Mengapa Kebiasaan Ini Tetap Terjadi
Praktik ekspor mentah terus berlangsung karena fasilitas pengolahan dalam negeri belum memadai. Banyak perusahaan memilih ekspor cepat karena investasi smelter membutuhkan modal besar, teknologi rumit, dan infrastruktur yang belum sepenuhnya siap. Di sisi lain, kebijakan pemerintah belum sepenuhnya menciptakan dorongan kuat untuk hilirisasi. Tanpa insentif jelas, pelaku usaha cenderung mengambil jalur paling mudah: menjual bijih mentah.
Dampak Jangka Panjang Jika Tidak Ada Perubahan
Jika kebiasaan ini berlanjut, pendapatan negara akan stagnan karena nilai tambah tidak tercipta. Industri nasional juga sulit naik kelas karena rantai nilai tetap berada pada tahap paling rendah. Lebih jauh lagi, tenaga kerja tidak memiliki kesempatan berkembang dalam bidang teknis dan rekayasa. Pada akhirnya, daerah penghasil timah pun rentan goyah karena kondisi ekonomi mereka terus mengikuti naik turun harga komoditas global.
Langkah Strategis untuk Memperbaiki Situasi
Perubahan dapat dimulai dengan memperkuat kebijakan hilirisasi. Pemerintah dapat memperkenalkan aturan bertahap yang mendorong perusahaan membangun fasilitas pengolahan sebelum diberi izin ekspor. Dengan transisi seperti ini, pelaku usaha mendapatkan waktu untuk beradaptasi, sementara negara tetap bergerak ke arah yang benar.

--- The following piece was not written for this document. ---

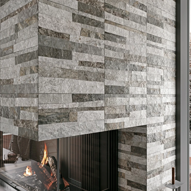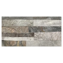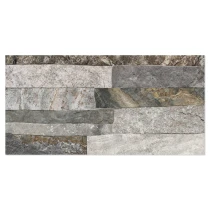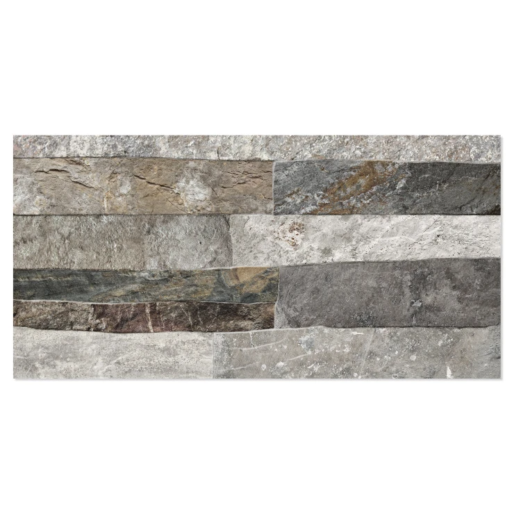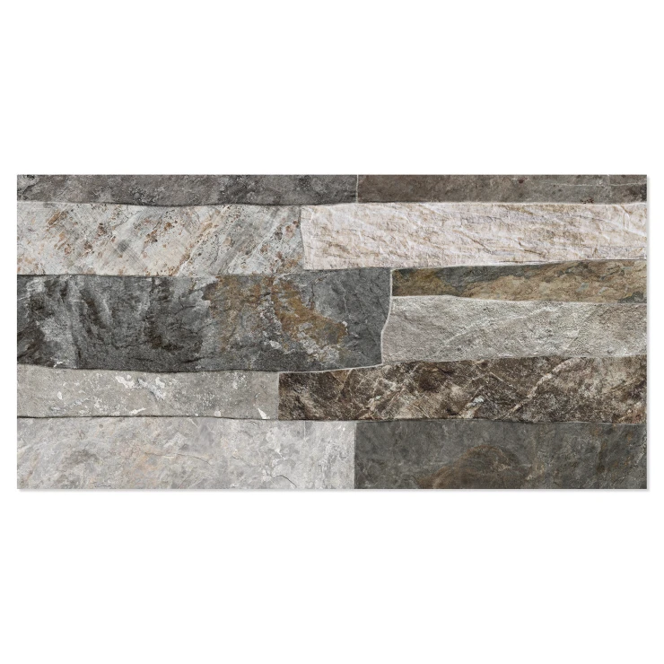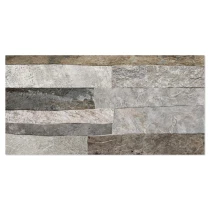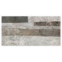 Rustica er en dekorativ flisekollektion i formatet 25x50 cm, der efterligner naturlig sten med en tydelig, taktil struktur. De uregelmæssige, lagdelte overflader skaber et autentisk og levende udtryk, der giver væggen dybde, variation og en robust, naturlig karakter.
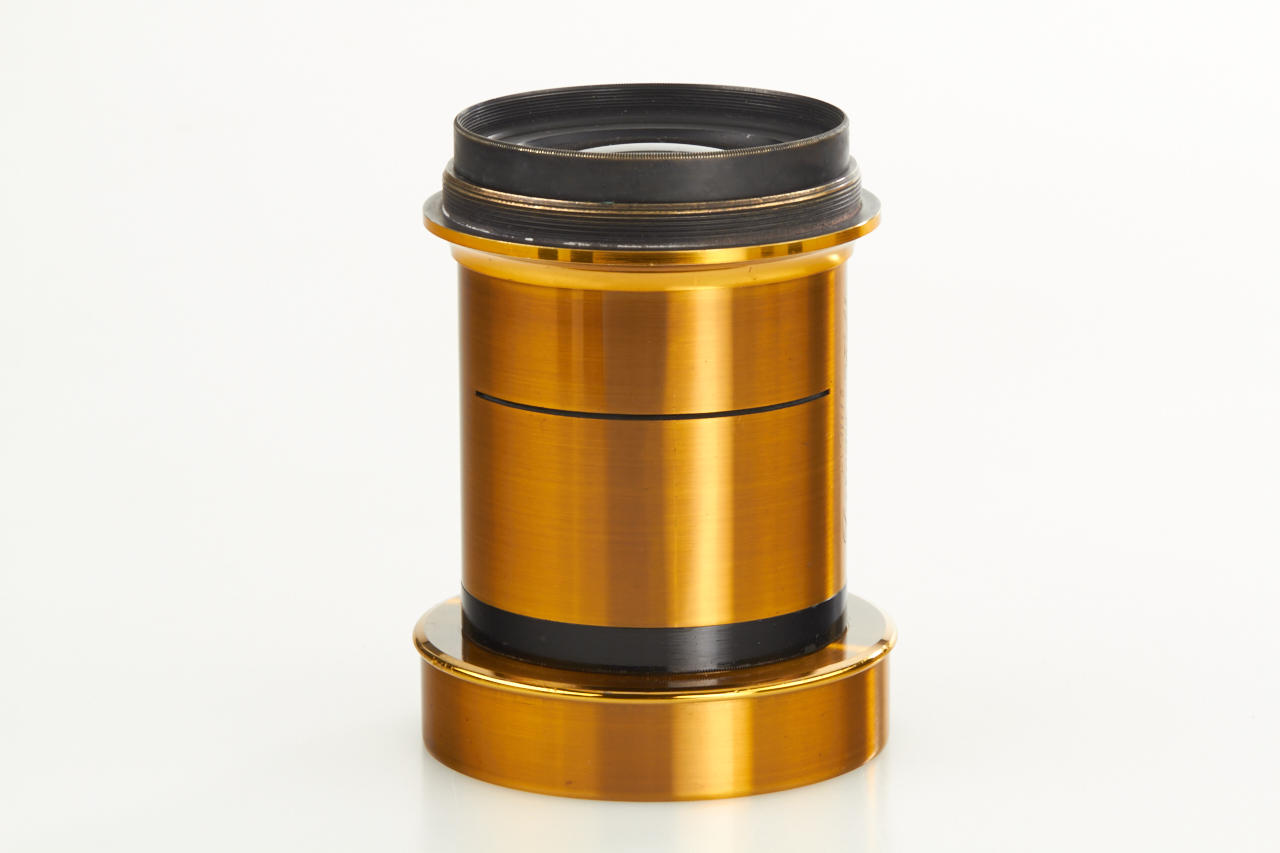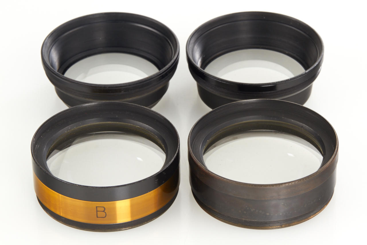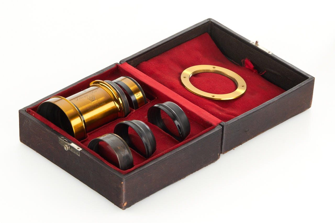 French brass lens kit in beautiful condition with 6 screw glass elements for various focal lengths, height c.13cm, optics diameter c.5,5cm, with mounting ring and matching black padded case

Selain itu, insentif fiskal dan kemudahan perizinan dapat menarik investasi smelter. Infrastruktur energi dan logistik juga perlu diperkuat agar biaya produksi lebih efisien. Seiring itu, kolaborasi teknologi dengan negara pemilik teknologi pengolahan dapat mempercepat peningkatan kemampuan industri nasional. Program vokasi dan riset pun harus berjalan agar tenaga kerja mampu memenuhi kebutuhan industri yang lebih modern.
Pada saat yang sama, tata kelola lingkungan harus diperketat. Dengan standar yang jelas, hilirisasi dapat berjalan tanpa merusak alam dan tetap memberikan manfaat nyata bagi masyarakat sekitar.
Rencana Implementasi yang Praktis
Perbaikan bisa dimulai dengan melakukan audit rantai nilai timah dan mengidentifikasi lokasi potensial untuk smelter baru. Setelah itu, pemerintah dapat meluncurkan proyek percontohan dengan dukungan pembiayaan publik–swasta. Dalam jangka panjang, Indonesia dapat memperkuat ekspor produk olahan bernilai tinggi dan memantapkan posisi dalam rantai pasok global.
Pembelajaran dari Negara Lain
Beberapa negara berhasil keluar dari jebakan ekspor mentah dengan kombinasi investasi awal yang kuat, kebijakan pro-hilirisasi, dan kerja sama internasional. Langkah ini menunjukkan bahwa transformasi memang mungkin, asalkan pemerintah dan industri bergerak serempak.
Kesimpulan
Ekspor timah mentah adalah kesalahan strategis yang menghambat pembangunan industri nasional. Dengan hilirisasi yang serius, Indonesia dapat menciptakan lapangan kerja berkualitas, memperkuat manufaktur dalam negeri, dan membangun fondasi ekonomi yang jauh lebih mandiri.